There's this murky view of Gaia – the Earth Mother – a kind of quasi-religious worship, and we need to do things to show how much we care about Gaia. If you have a religion, you're not so much interested in doing things for you. You're interested in sacrificing. So, the sacrifice that we'll make is we'll give up these nuclear power plants. We'll give up cars that actually run. We'll give up warmth during the winter and we'll wear sweaters. That sacrifice means that we're now stuck with a set of policies that use more fossil fuel and create more carbon, that's worse for the environment as a result of this religious view.

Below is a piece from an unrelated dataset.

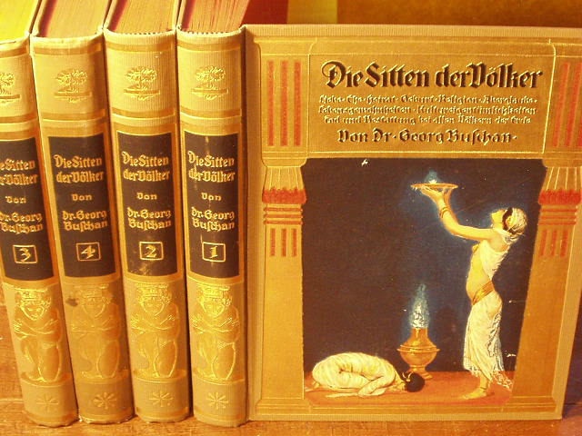 BUSCHAN, Georg: Die Sitten der Völker. Liebe – Ehe – Heirat – Geburt – Religion – Aberglaube – Lebensgewohnheiten – Kultueigentümlichkeiten. Tod und Bestattung bei allen Völkern der Welt. 4 Bände. Stuttgart (Union), 1915 ff. 4°. VIII, 432 (IV), 459, 1, IV, 444, VIII, 462, 2 Seiten mit zahlr. teils ganzseitigen teils farb. Abb. und Bildtafeln. farb. ill. OLn mit reicher Deckel- und Rückenvergoldung, dreiseitigem Rotschnitt. Kapitale etwas bestoßen, vereinzelt Kratzspuren, insgesamt schönes Ex. Bd. 1: Australien und Ozeanien. Asien mit 500 Textabb, 11 farb. Kunstbeilagen – 12 Kunstblättern in Doppeltondruck. Bd. 2: Asien. Afrika. Mit 522 Textabb. 11 farb. Kunstbeilagen und 12 Kunstblättern. Bd. 3: Afrika. Amerika. Europa. Mit 477 Textabb, 6 farb. Kunstbeilagen und 9 Kunstblättern. Bd. 4: Das Deutsche Volk in Sitte und Brauch. Mit 353 Textabb. 4 farb. Kunstbeilagen und 11 Kunstblättern.

As an economist, I'm surprised how often this quasi-religion ends up harming the environment more than a greedy capitalist like me would.

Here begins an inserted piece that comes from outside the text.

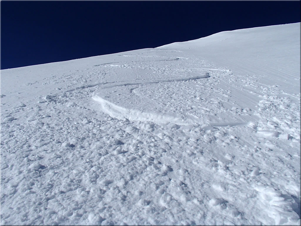 斜面はかちかちかと思ったら、意外にも雪はさらさらでした。場所にもよりますが10cmから20cmほどはパウダー状態でした。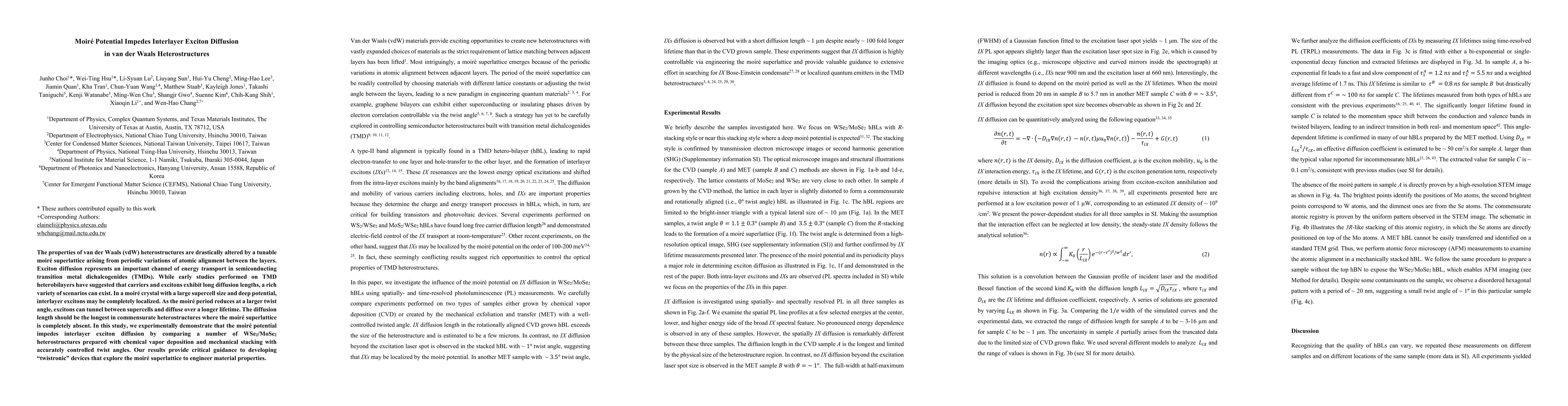 This research demonstrates that moiré potential in van der Waals heterostructures significantly impedes interlayer exciton diffusion, as shown through WSe2/MoSe2 samples with controlled twist angles. The findings provide crucial insights for designing twistronic devices leveraging moiré superlattices.

Bob Zadek: To me, when you said the word 'sacrifice', that's a magic word in discussing environmentalism because sacrifice means 'do without'. Now, we all understand that one of the profound benefits of growth is that our lives get better, not worse. Sacrifice means ‘make your life worse’—deny yourself something which would otherwise be available. That's what sacrifice means. Think of the word in its bloodiest meaning. It means killing somebody to curry favor with the Gods. We'll sacrifice a human being because the Gods will like us better.

AI generated art: A mass of Mother earth Gaia worship cult with recycling symbol.

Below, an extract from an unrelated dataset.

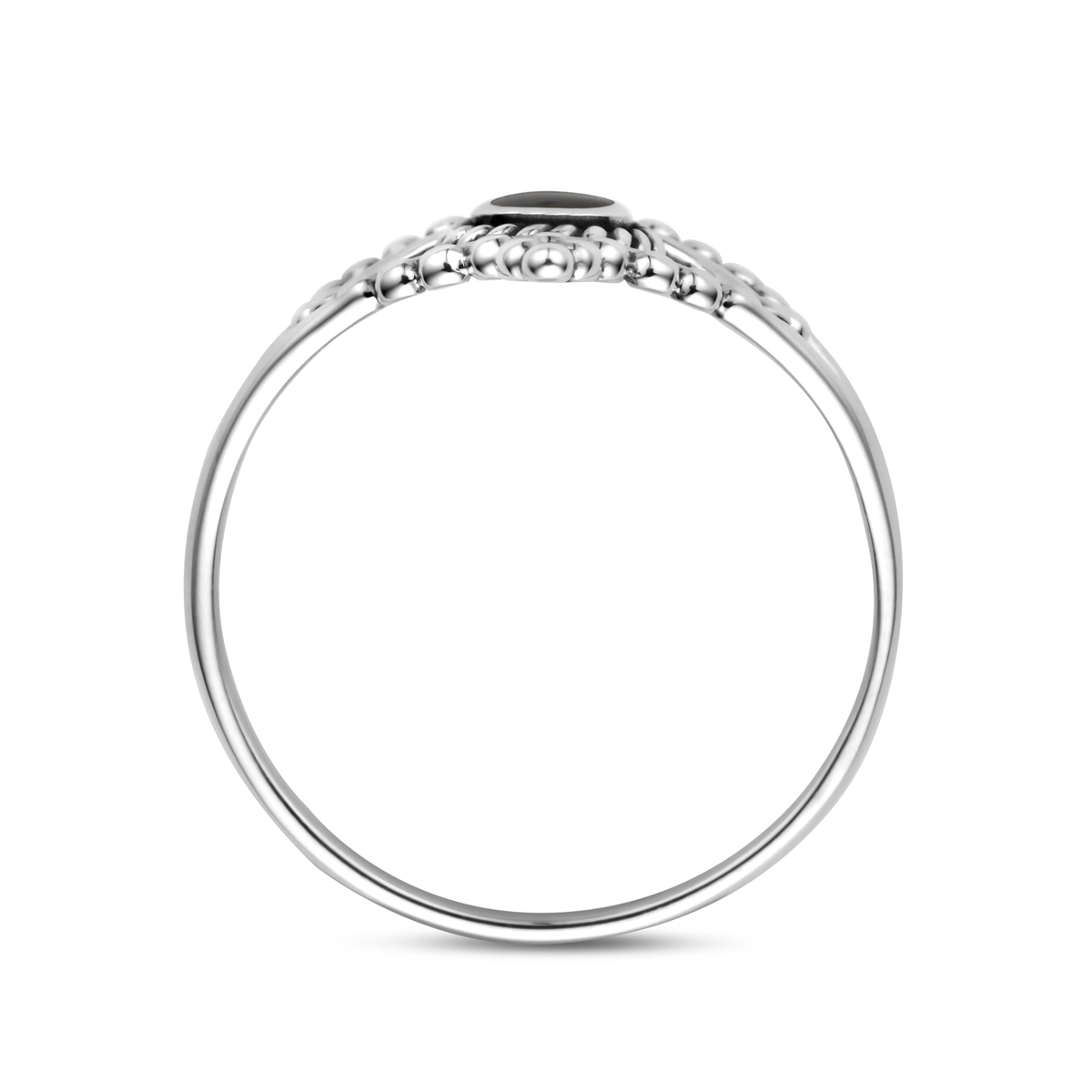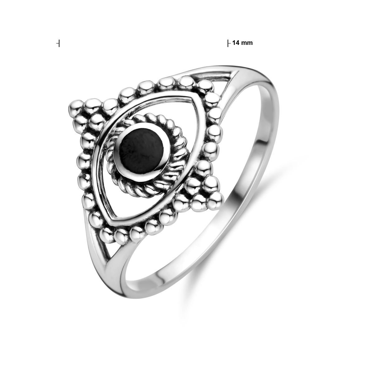 Geoxideerd 925 zilveren ring uitgevoerd met synthetisch zwart steen. De ring heeft een breedte van 14mm.

Now, sometimes sacrifice is required, which means it's not voluntarily living for less. You have no choice. Therefore, you're required. Parents may be required to postpone their own pleasures so their children get benefit. That's not a sacrifice. That's part of life.

But the sacrifice in environmentalism says, "Do without something today because..." and the sentence doesn't get finished except in the vaguest of terms… “Save the planet.”

So, that word sacrifice really captures it all.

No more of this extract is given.